Why not, you may demand, make the counter talk? That would probably triple the cost, triple the size and significantly increase the power consumption of such a counter. A rant which I’ve not finished yet: “Why do not the designers of commercial equipment, not only ham gear, use sound in logical ways? Why does equipment intended for handheld field and mobile use have toggling functions whose state can only be determined by taking your eyes off the work at hand?”
A key press that only beeps is merely annoying, it communicates very little about what you’ve done. We’re so close to this, its hard to write about it!

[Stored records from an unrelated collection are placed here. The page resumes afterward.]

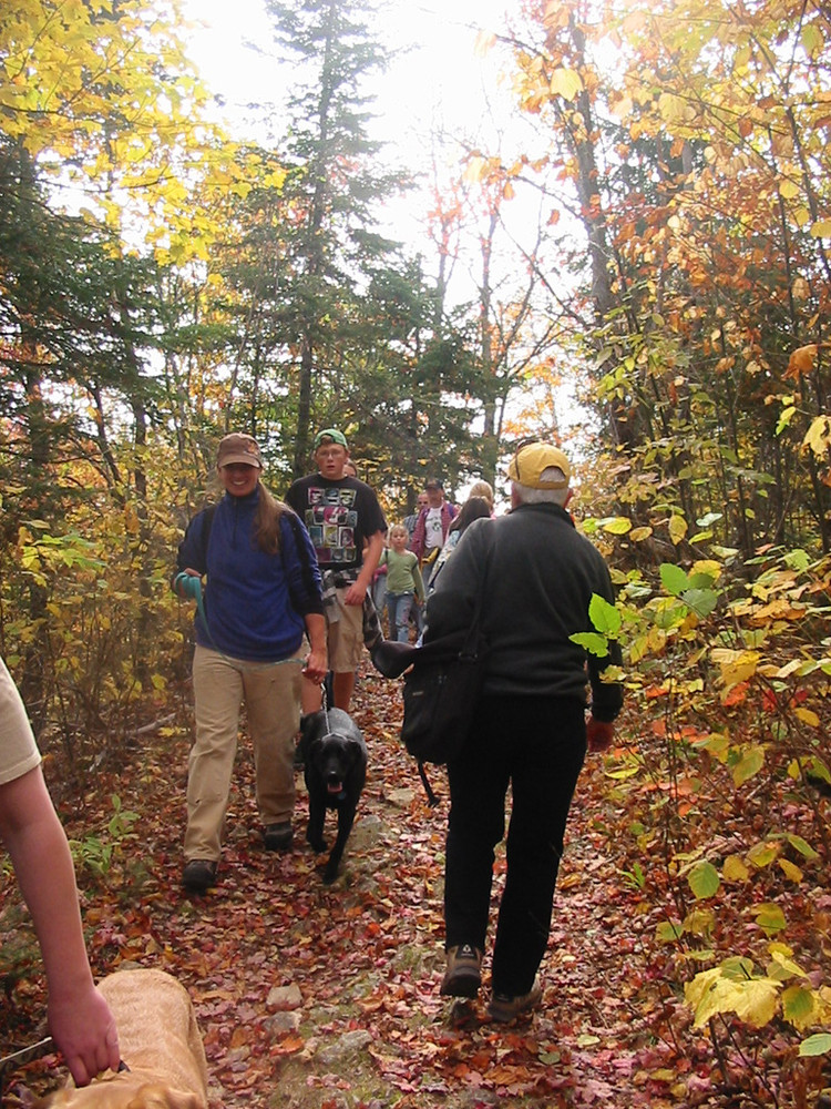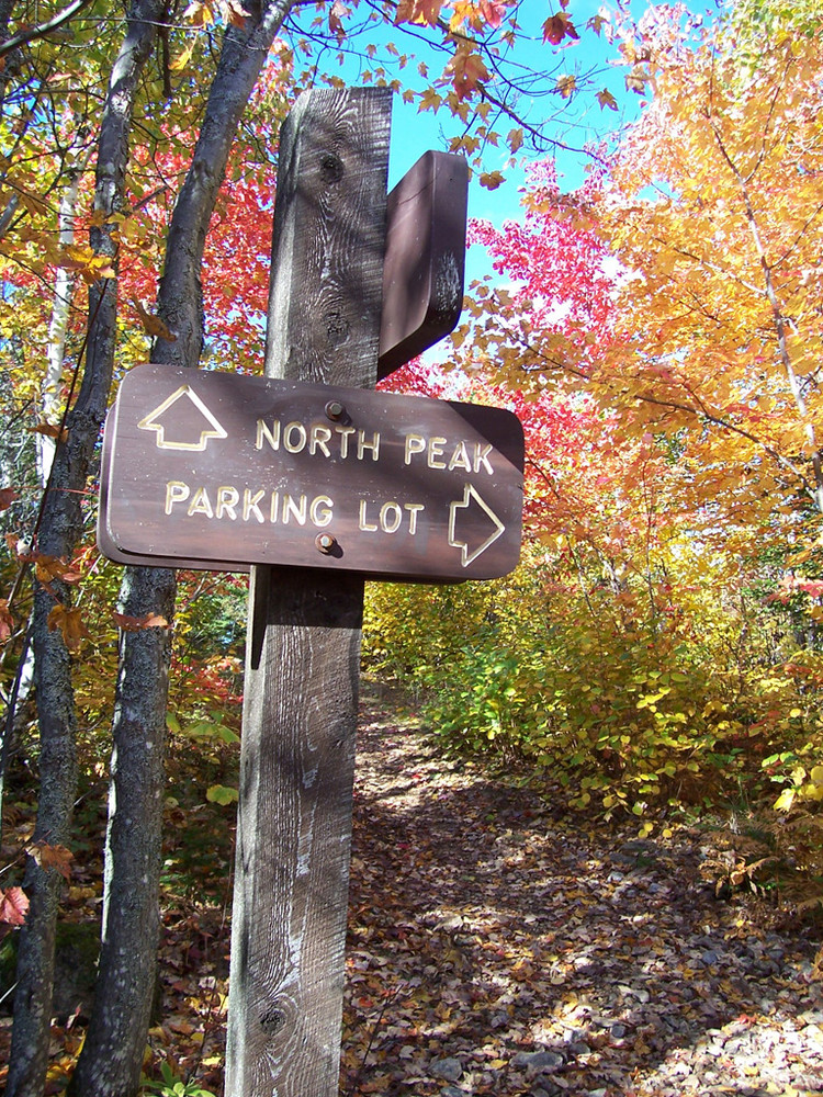 This trail meanders along the ridge between the two peaks offering varied terrain and diverse vegetation. In the notch of the mountain, hikers will cross a spring which is one of the head waters of Echo Lake. A beautiful overlook offers beautiful views east over Echo Lake.
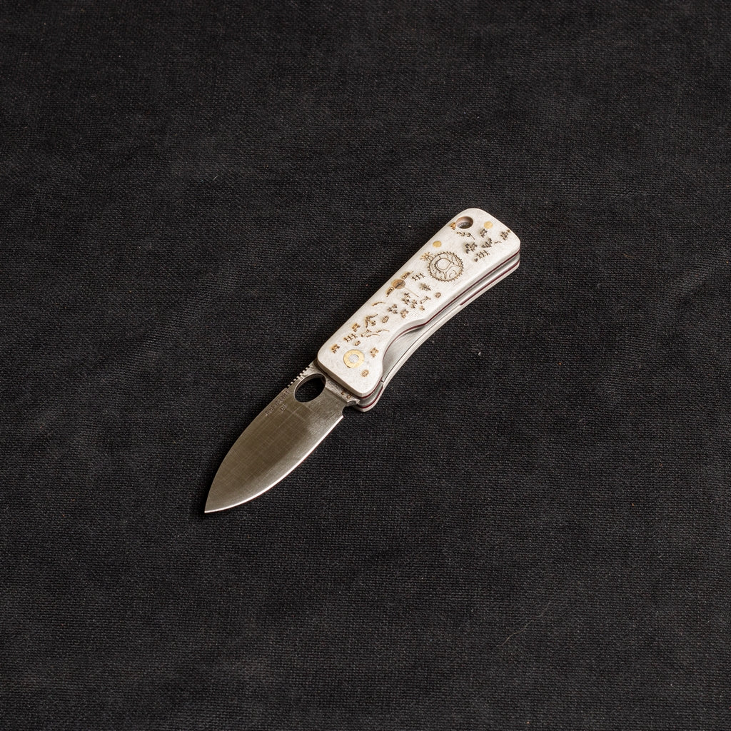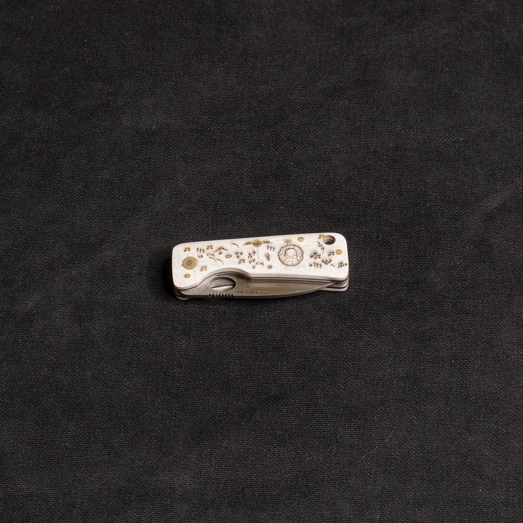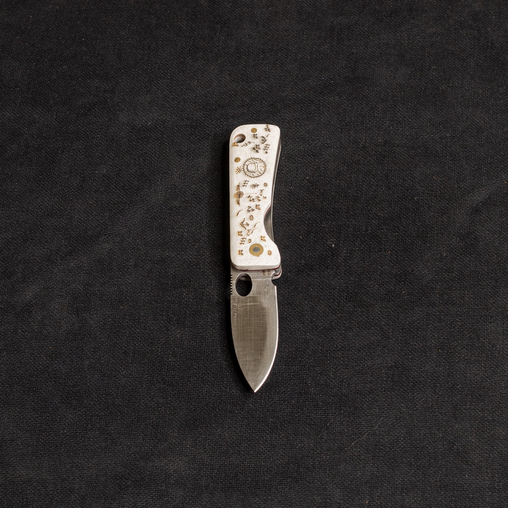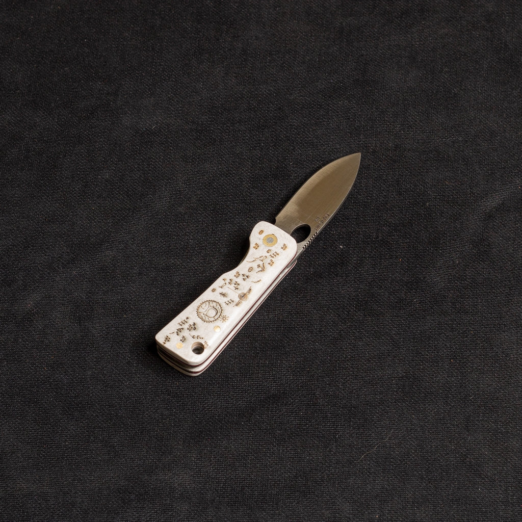Kam Davulu İşlemeli Beyaz Mikarta İçten Kilitli Çakı - J10 - D2
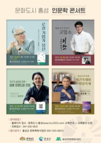 이번 인문학 콘서트는 코로나19 방역 지침에 따라 선착순 사전접수를 통해 참여할 수 있으며, 홍성군 문화특화사업단에 전화로 신청하거나 문화도시 홍성 홈페이지에서 신청하면 된다.
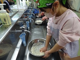最初は説明を聞いて、グループに分かれてお米をとぎます。

The Mcount is now available as a completed unit with UHF/VHF switching, an improved speaker and other nice touches or $45 postpaid anywhere in the U.S. from: Chuck Carpenter, W5USJ, at:
The Smith-Kettlewell Rehabilitation Engineering Research Center
The Smith-Kettlewell Eye Research Institute is a 501(c)(3) nonprofit scientific research institute that performs basic and clinical research into many aspects of vision. The institute hosts the Rehabilitation Engineering Research Center on low vision and blindness. The Rehabilitation Engineering Research Center receives its funding through the National Institute for Disability and Rehabilitation Research of the federal Department of Education. The “Vocational and Daily Living Lab,” in which the authors work as rehabilitation engineers, is tasked by this “RERC” grant to use off the shelf technology to improve the quality of life for blind, low vision and deaf-blind people.

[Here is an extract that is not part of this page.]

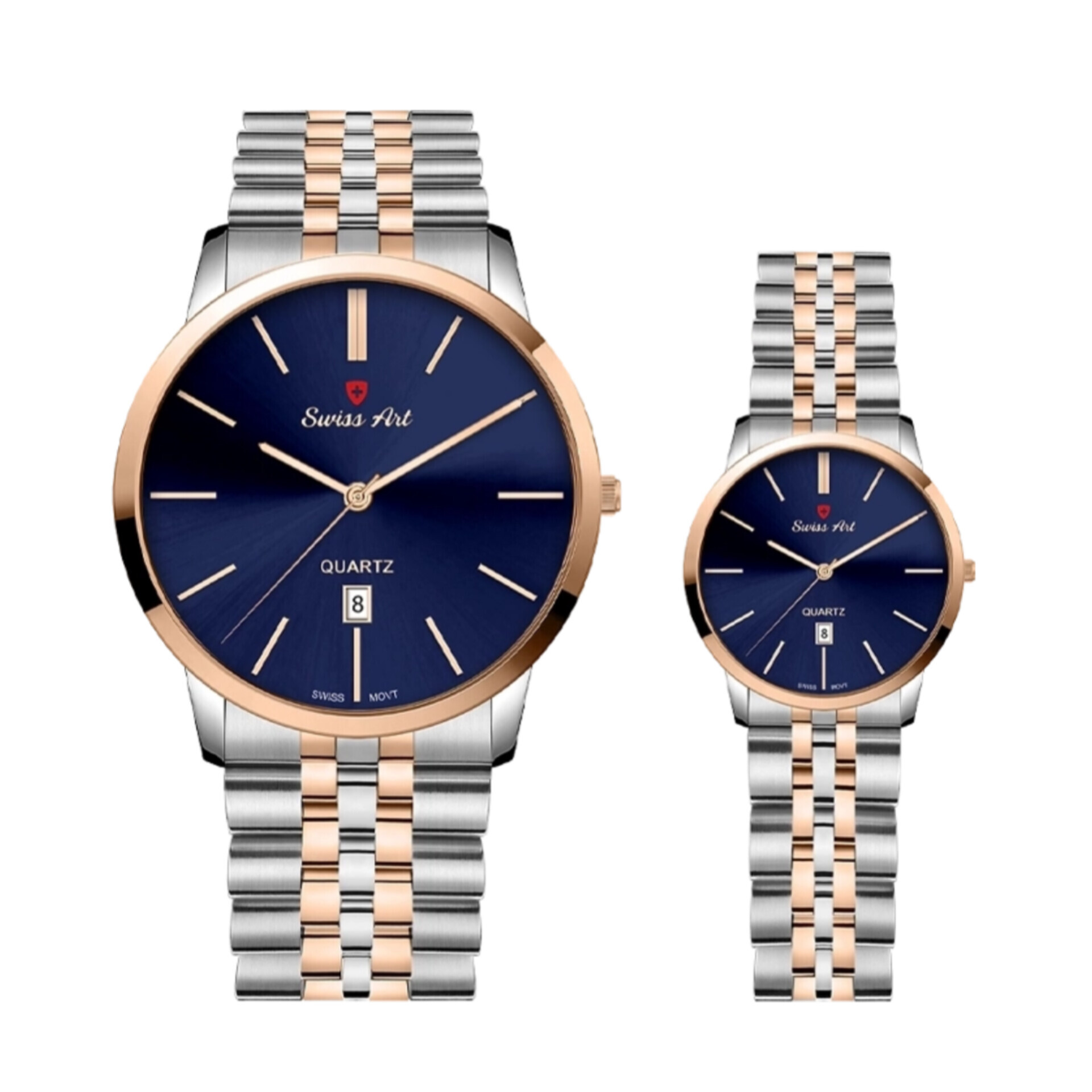 ست ساعت مردانه و زنانه سوئیس آرت، انتخابی لوکس و شیک برای کسانی است که به دقت و استایل اهمیت می‌دهند. این ساعت‌ها با موتور سوئیسی روندا که از دقت و کیفیت بالا برخوردار است، قابلیت نمایش تاریخ را در کنار طراحی جذاب خود به شما ارائه می‌دهند. صفحه سرمه‌ای و شیشه ضد خش سافایر، زیبایی و دوام ساعت‌ها را تضمین می‌کند و بند استیل آن، جلوه‌ای خاص به این ست داده است. این ساعت‌ها ضد آب هستند و با دو سال ضمانت شرکتی و ضمانت مادام‌العمر اصالت کالا، خریدی مطمئن و بدون نگرانی را برای شما فراهم می‌آورند. همین حالا این ست منحصر به فرد را از فروشگاه ما خریداری کنید و استایلی متفاوت و بی‌نظیر را تجربه کنید!
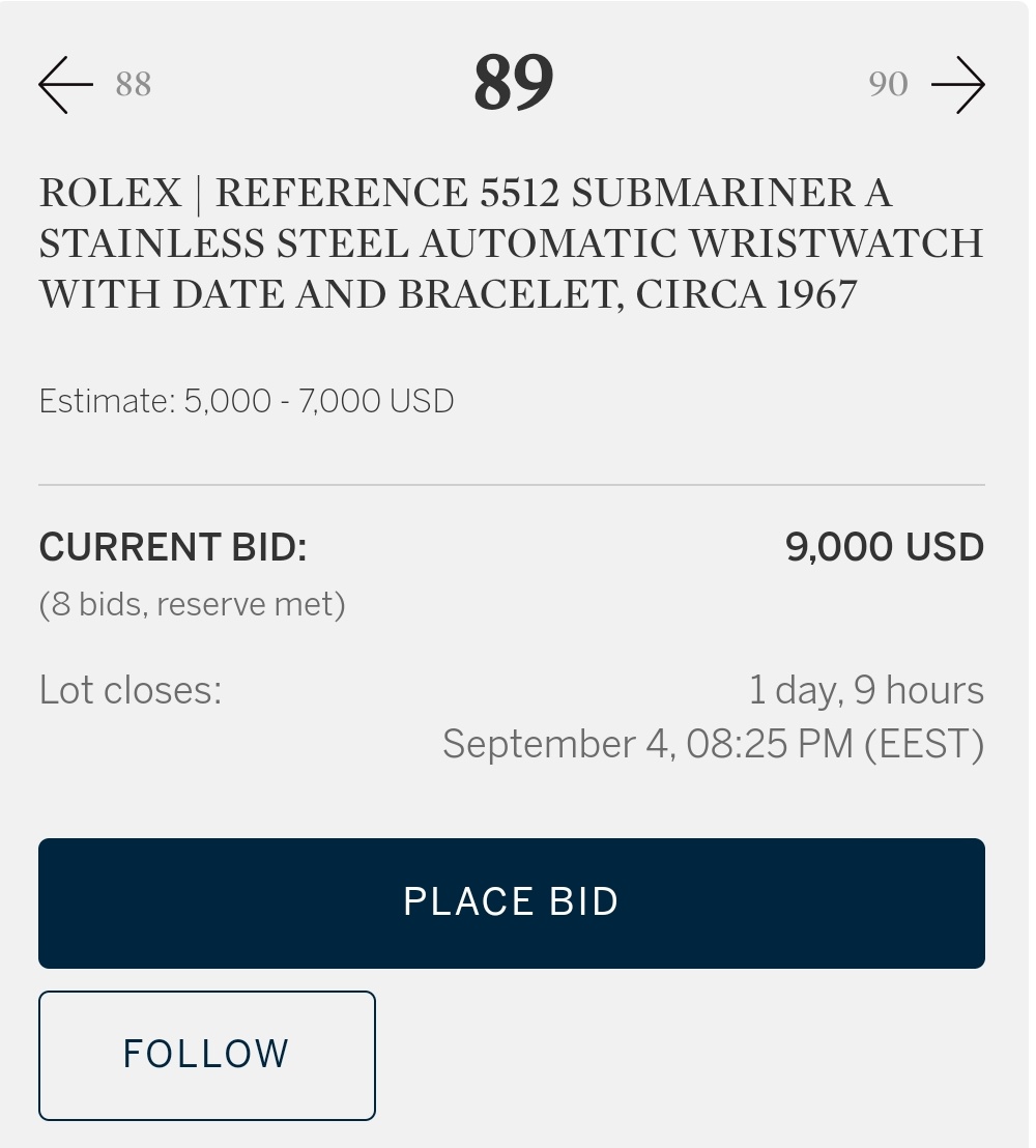 Yes that it. And there two bids on it at 5500 usd excluding bueyrs premium.

As such this group has spent nearly 30 years designing and building proto-type devices, both as research tools and for individual people with particular needs. An important note, the RERC does not sell any products of any sort, but is happy to consult with blind, deaf-blind and low vision people on accessibility related needs which are not met by other sources. Much of the authors’ other work can be found documented in the Smith-Kettlewell Technical File, a technical journal for blind technicians and engineers published here since 1980. The journal is available at:
This journal includes, aside from design articles for accessible equipment of many types, a seven part series on soldering for blind technicians.